A FTS4 virtual table is maintained in sync with the chunks table via SQL triggers:

  • INSERT trigger — adds chunk text to FTS on insert
  • DELETE trigger — removes from FTS on delete
  • UPDATE trigger — delete + re-insert on update

On startup, if the FTS row count falls behind the chunks table (e.g., after a crash), a back-fill runs automatically. Small gaps (< 100 rows) use an anti-join INSERT; larger gaps use FTS4’s rebuild command.

The database uses a dirty flag with a 5-second debounce save timer. Changes accumulate in memory and flush to disk periodically.

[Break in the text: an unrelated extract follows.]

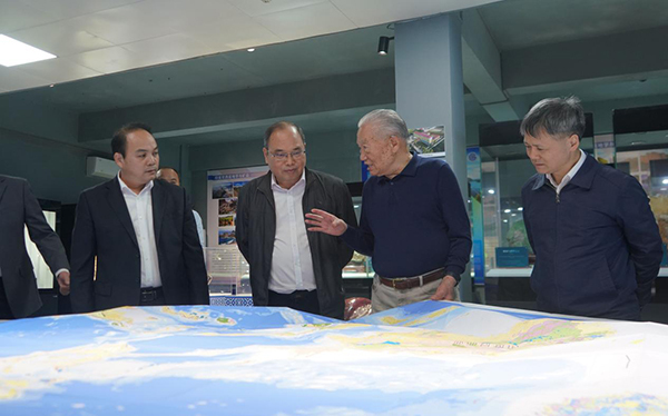 宋瑞祥深耕地矿领域六十余载,亲历我国地矿行政管理改革全过程,是地矿行业改革发展的重要推动者与见证者。调研期间,宋瑞祥一行先后参观了局史馆、地学科普标本展示馆,并到中国—东盟地学合作中心(南宁)考察。他听取了我局在基础地质调查、战略性矿产勘查、东盟地学数据库建设等领域的工作汇报,观看《中国—东盟矿业信息服务平台》东盟矿业信息地图、数字大屏等板块演示,重点询问了中国—东盟矿业合作大会举办、与东盟国家合作及境外工作开展情况。针对我局将数字化技术与地质工作深度融合,在地学合作方面取得的显著成效,宋瑞祥给予充分肯定。

On extension deactivation, any pending changes are saved immediately.

When the editor starts with CodeBuddy:

  1. SqliteVectorStore singleton — loads or creates the SQLite database
  2. HybridSearchService singleton — creates and initializes the FTS4 virtual table
  3. AstIndexingService singleton — spawns the worker thread, wires the embedding service
  4. ContextRetriever — wires the search pipeline
  5. onDidSaveTextDocument listener — enables incremental indexing on file save
  6. codebuddy.indexWorkspace command — registered for manual full re-index

All indexing settings are documented in the Settings Reference under Vector database and Hybrid search.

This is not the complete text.